— Пешком, — сказал он, поворачиваясь к Насте, пятерней расчесывая бородку, прикрывая кадык.
— Ну что же, — согласилась та.
И они зашагали так же, как когда-то в деревне. Степан Яковлевич — в сером костюме, с аккуратно повязанным галстуком, в сапогах, — брюки навыпуск — впереди, а Настя — в лиловом широком платье — позади. Степан Яковлевич несколько раз пытался выбить из Насти эту привычку, говоря:
— Да иди ты рядом.
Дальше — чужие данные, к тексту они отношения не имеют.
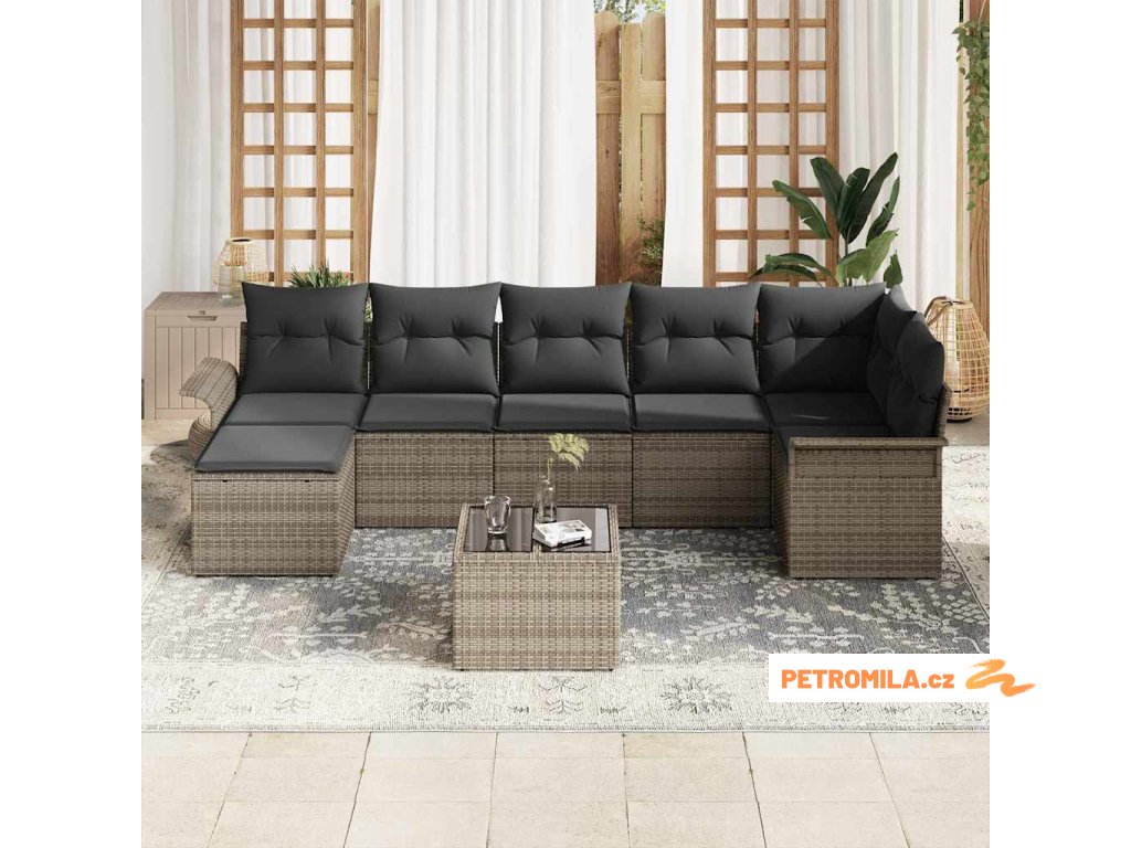 Sada zahradních pohovek s polštářem 8 pcs Šedá Poly ratan
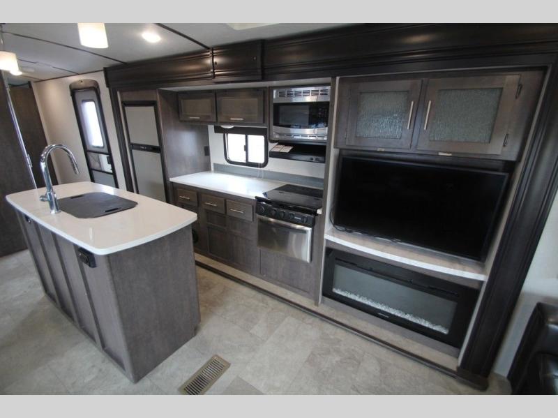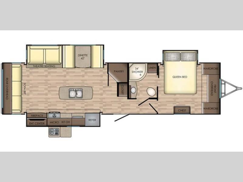 For a little rest and relaxation from the busyness of life you will want to camp with this triple slide out Sunset Trail Grand Reserve SS33SI travel trailer. Meal prep can be done either inside or outside. When you choose to use the inside kitchen you will find that it is is fully equipped with a three burner range, an island with a double sink, plus there is a large pantry. The outside kitchen features a pull out cook top. You will enjoy all of the storage space throughout from the overhead cabinets to the bedroom wardrobes and chest of drawers!
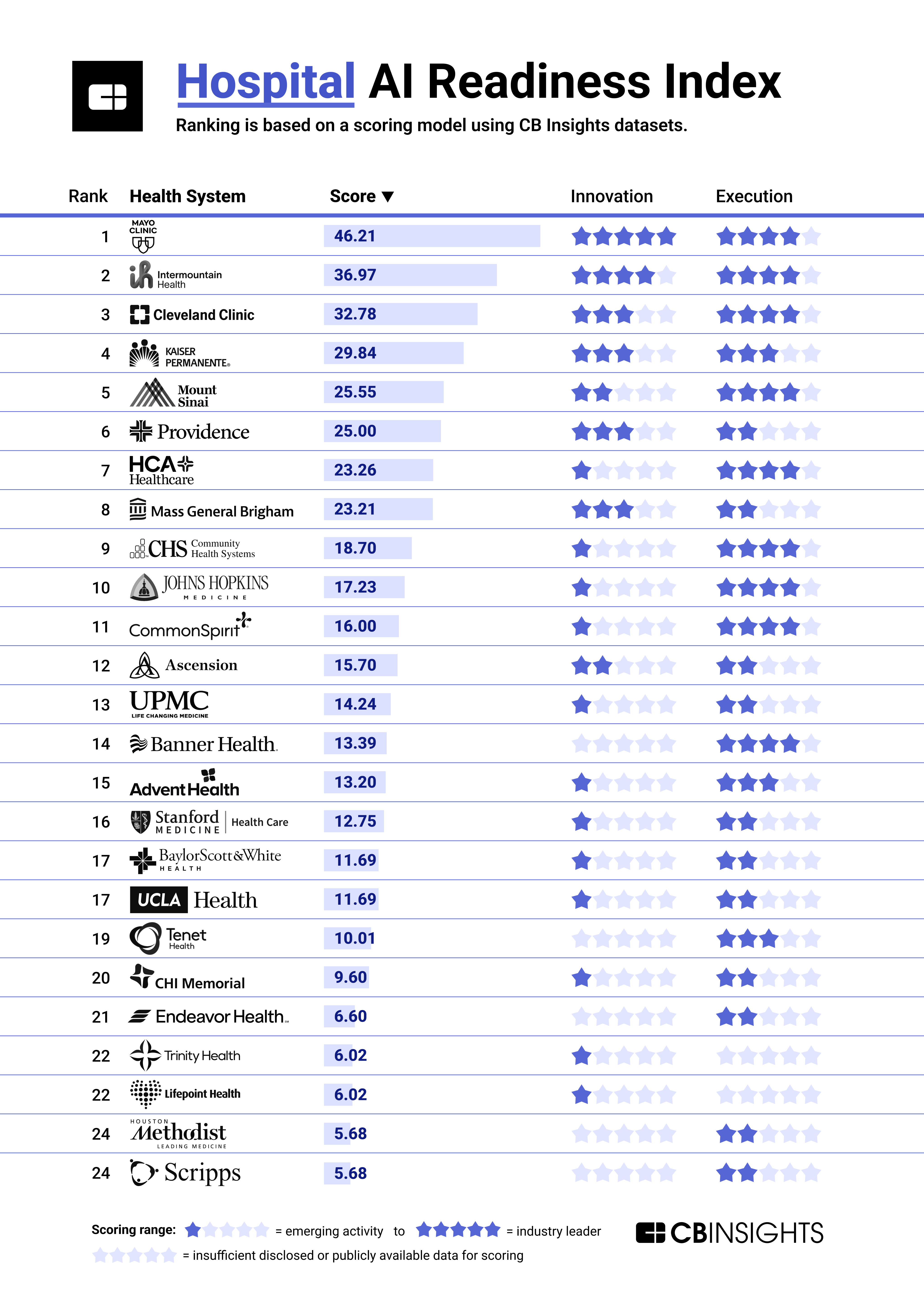 - Execution: The execution score measures a health system’s ability to bring AI-powered products and services into clinical practice as well as deploy AI internally across business and back-office functions. This score is based on CB Insights data including business relationships, product launch media mentions, and earnings transcripts.
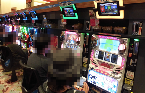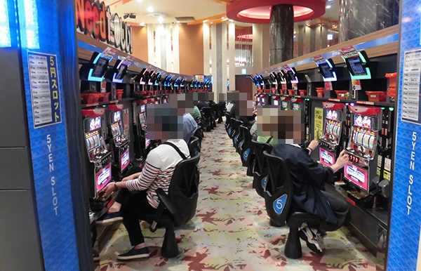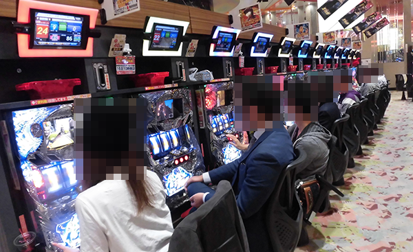 ホール内をみてみると、パチンコ・パチスロともにたくさんの笑顔が広がっていた。
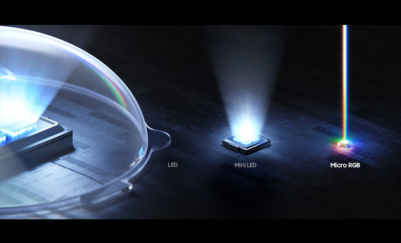 R95F da 115 polliciIl primo TV Micro RGB Samsung è un 115 pollici dotato di Micro LED RGB, che sostituiscono i Mini LED blu con Quantum Dot. Ne abbiamo parlato più in dettaglio in questa anteprima. Il pannello è sempre un LCD di tipo VA che arriva a 144 Hz. Il local dimming conta circa 15.000 zone colore, cioè il controllo che tiene in considerazione la possibilità di pilotare separatamente le componenti rossa, verde e blu (i colori). Il local dimming convenzionale, che gestisce la luce emessa dal pannello, ha 1/3 delle zone, quindi circa 5.000. La dotazione include il processore Micro RGB AI Engine, un impianto audio a 4.2.2 canali, la Smart TV Tizen e quattro ingressi HDMI 2.1.
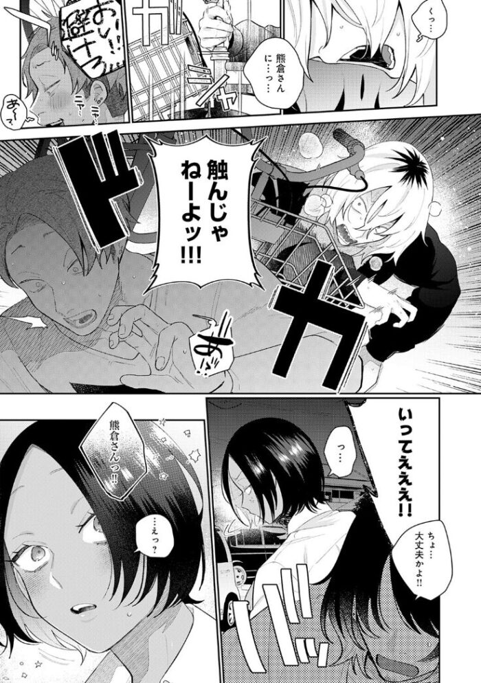 ・新発売のエロ漫画【傷口と蜜<後編>】は、ガテン系お姉さん・熊倉さんのお話。
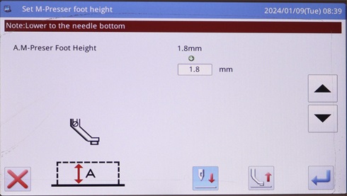 5. La altura del prensatelas se puede ajustar simplemente introduciendo un valor numérico en el panel LCD o el panel de control, sin necesidad de usar herramientas;
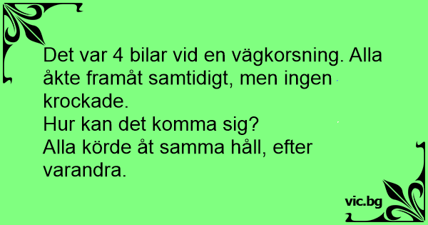 Det var 4 bilar vid en vägkorsning. Alla åkte framåt samtidigt, men ingen krockade.
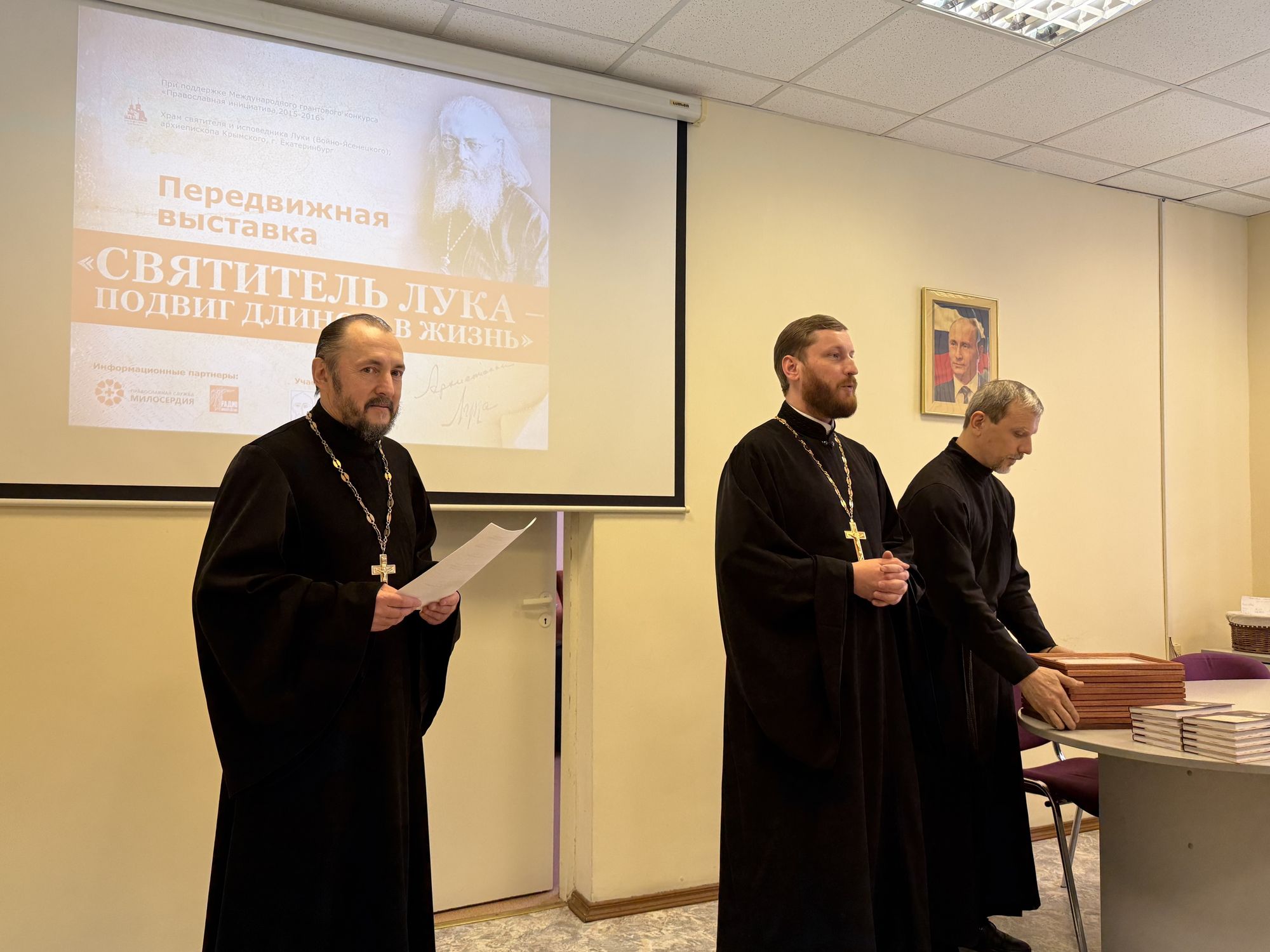 Затем состоялось открытие передвижной выставки «Святитель Лука – подвиг длиною в жизнь». На стендах можно увидеть основные события из жизни святого, малоизвестные факты его биографии, редкие архивные фотографии и документы.
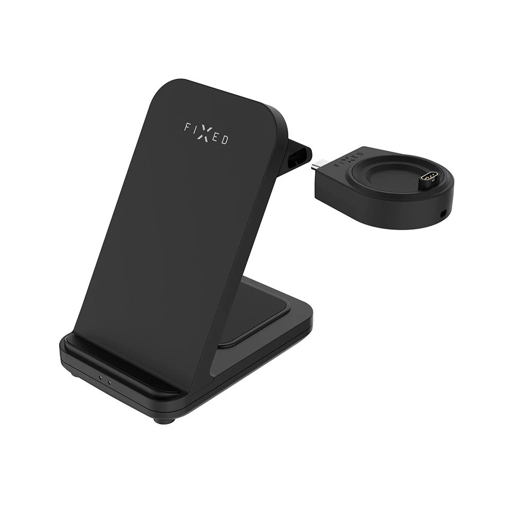 Bezdrátový stojánek FIXED Powerstation pro Garmin nabízí pohodlné nabíjení až tři zařízení zároveň • Hlavní plocha podporuje rychlé nabíjení telefonů díky výkonu až 15 W a kombinované sítě je možné umístit jak v horizontální, tak vertikální pozici • Druhá plocha s výkonem až 5 W • Součástí stojanu je odnímatelný adaptér pro chytré hodinky Garmin, navržený ve vlastním designu značky FIXED • Otočný vnitřní kroužek s pinem
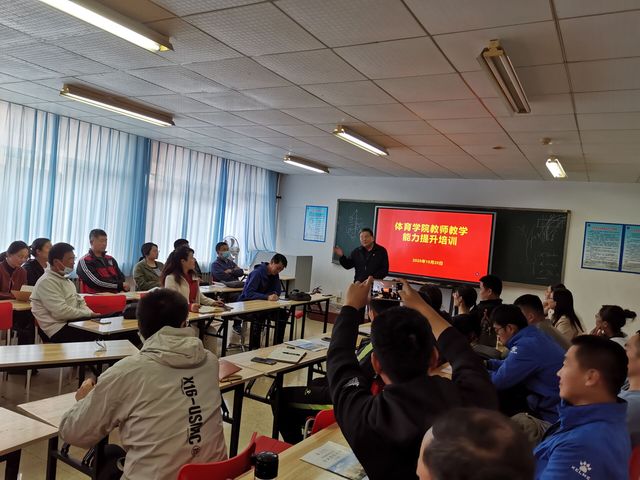 会议由郭波副院长主持,第一阶段由周新老师主讲“课程教学设计与组织实施”,第二阶段由田德宝和宋佩双老师主讲“体育术科教学基本技能”,周新老师从教书育人、课的结构、教学的重点难点、思政育人四个方面进行了讲述,针对体育运动项目的特点,采取不同的教学方法与手段,重点强调了体育课在教学过程中穿插人格塑造,充分发挥体育功效的重要作用。在“体育术科教学基本技能”阶段中,田德宝和宋佩双老师分别从准备活动的重要性,课的组织的规范性,不同准备活动类型对身体不同部位的影响,如何使体育课活跃有趣,以及针对每个学期天气情况的变化设计不同的准备活动内容,充分调动学生学习的积极性等方面进行了详细介绍。之后,张红霞院长引导老师们进行了讨论交流,王荣森、赵仙伟、崔丽等三位老师分别交流了自己的教学体会,大家积极展开讨论,对提升我院教师教学能力起到积极的促进作用。
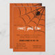 Fun Spooky Spider and Web Black Orange Halloween Invitation

Не в деревне живем — в Москве.
Настя твердила свое:
— Чай, куда иголка, туда и нитка, Степан Яковлевич.
И Степан Яковлевич махнул на это рукой.
Улица была чисто выметена, на ней лежало утреннее молодое солнце. Глядя на улицу, на дома, на пробегающие машины, Степан Яковлевич сказал:
— Умытая.
— Кто? Я-то? А как же, — ответила Настя.
— Да не ты, а Москва.
— Недослышала, Степан Яковлевич.
— Я так думаю: ни одной столицы на земле нет, как Москва.
— Конешно, — сказала Настя, но сказала так простенько и незначительно, что Степан Яковлевич даже приостановился.
— Суть уразуметь надо, тогда слово у тебя будет весомое. «Конешно». Что это «конешно»? Так себе. А понять надо то, что Москва — это тебе не просто город — громадина. Москва — светоч есть в мировом масштабе. Вот она какая, Москва. В сердцах она всего мирового народа. Во сне снится… А мы с тобой в ней живем и, вот видишь, по улице шагаем. В точку я говорю! В точку.
— Говори, говори. Люблю я слушать-то тебя, — то и дело прерывала его Настя, улыбаясь всем встречным, как бы зовя их послушать, что говорит ее Степан Яковлевич.
И он говорил басом, размахивая длинными руками, сам увлекаясь тем, что говорил… И, только попав на дачку, он сразу умолк, еще издали увидав грядки с клубникой.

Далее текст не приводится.